(Records from a collection)
*** Begin section ***
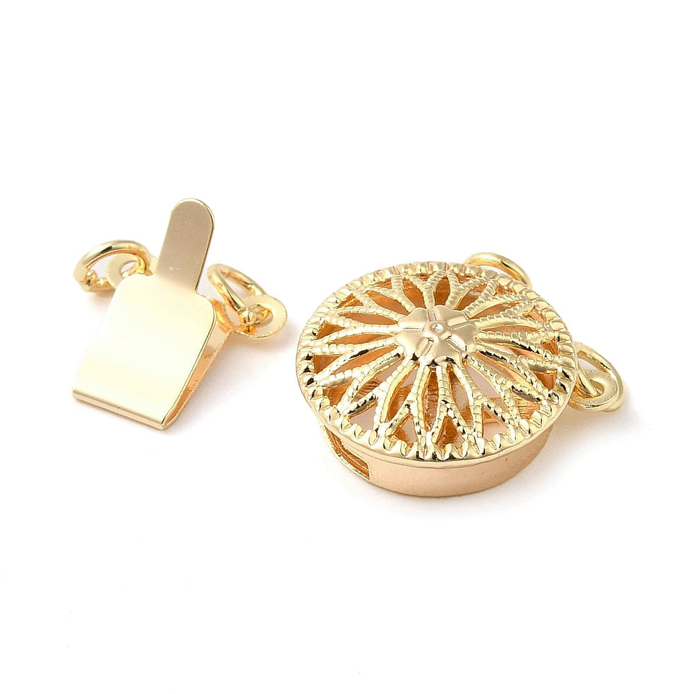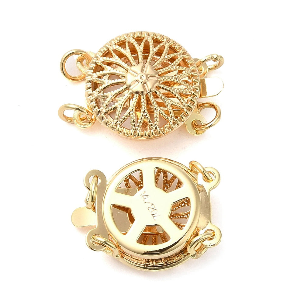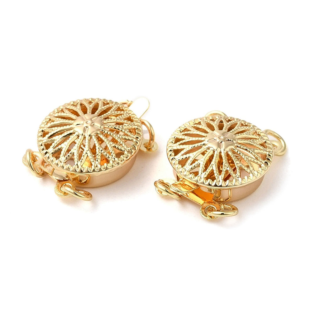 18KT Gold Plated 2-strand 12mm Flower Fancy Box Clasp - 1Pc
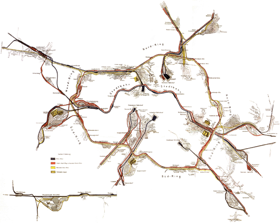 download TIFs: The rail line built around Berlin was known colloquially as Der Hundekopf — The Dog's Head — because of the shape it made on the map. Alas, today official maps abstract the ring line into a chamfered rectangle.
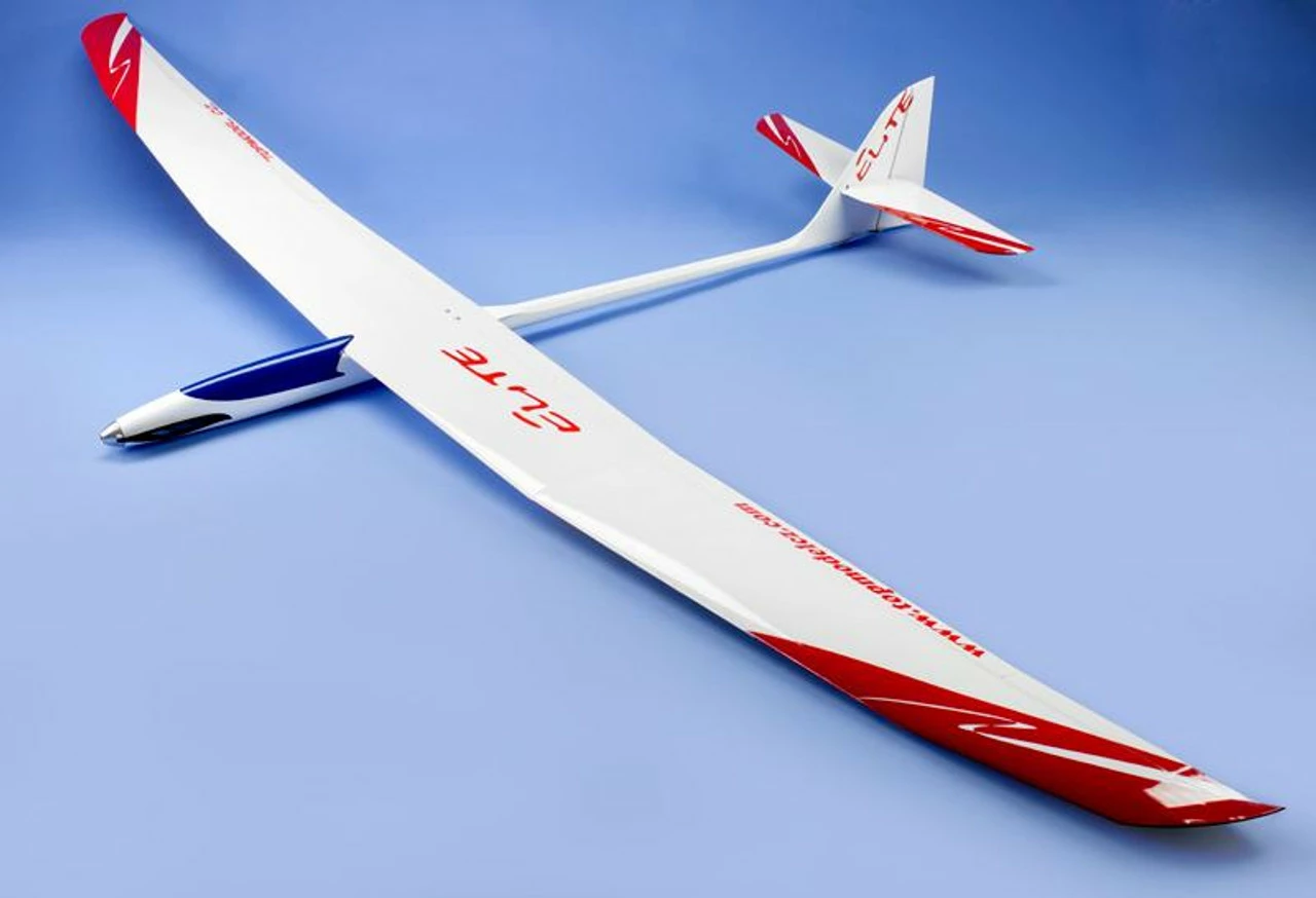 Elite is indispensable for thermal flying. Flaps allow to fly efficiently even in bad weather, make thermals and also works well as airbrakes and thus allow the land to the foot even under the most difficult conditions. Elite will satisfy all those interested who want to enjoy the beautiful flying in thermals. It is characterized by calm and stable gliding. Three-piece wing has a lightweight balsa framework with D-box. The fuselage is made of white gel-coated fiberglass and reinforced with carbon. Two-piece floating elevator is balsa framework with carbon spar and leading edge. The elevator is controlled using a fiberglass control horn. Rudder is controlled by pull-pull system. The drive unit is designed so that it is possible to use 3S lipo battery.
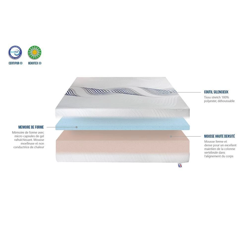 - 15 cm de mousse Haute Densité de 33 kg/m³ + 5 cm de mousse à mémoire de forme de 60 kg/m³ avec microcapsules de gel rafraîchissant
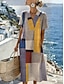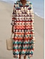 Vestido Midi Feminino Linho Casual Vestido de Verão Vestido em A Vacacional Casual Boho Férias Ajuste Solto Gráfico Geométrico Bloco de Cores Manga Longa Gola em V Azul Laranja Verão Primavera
*** End section ***
▶ _DIRECTIONS FOR THIS TASK_: Print the entries above exactly, leaving pictures out.

▶ _RESPONSE_:
 18KT Gold Plated 2-strand 12mm Flower Fancy Box Clasp - 1Pc
 download TIFs: The rail line built around Berlin was known colloquially as Der Hundekopf — The Dog's Head — because of the shape it made on the map. Alas, today official maps abstract the ring line into a chamfered rectangle.
 Elite is indispensable for thermal flying. Flaps allow to fly efficiently even in bad weather, make thermals and also works well as airbrakes and thus allow the land to the foot even under the most difficult conditions. Elite will satisfy all those interested who want to enjoy the beautiful flying in thermals. It is characterized by calm and stable gliding. Three-piece wing has a lightweight balsa framework with D-box. The fuselage is made of white gel-coated fiberglass and reinforced with carbon. Two-piece floating elevator is balsa framework with carbon spar and leading edge. The elevator is controlled using a fiberglass control horn. Rudder is controlled by pull-pull system. The drive unit is designed so that it is possible to use 3S lipo battery.
 - 15 cm de mousse Haute Densité de 33 kg/m³ + 5 cm de mousse à mémoire de forme de 60 kg/m³ avec microcapsules de gel rafraîchissant
 Vestido Midi Feminino Linho Casual Vestido de Verão Vestido em A Vacacional Casual Boho Férias Ajuste Solto Gráfico Geométrico Bloco de Cores Manga Longa Gola em V Azul Laranja Verão Primavera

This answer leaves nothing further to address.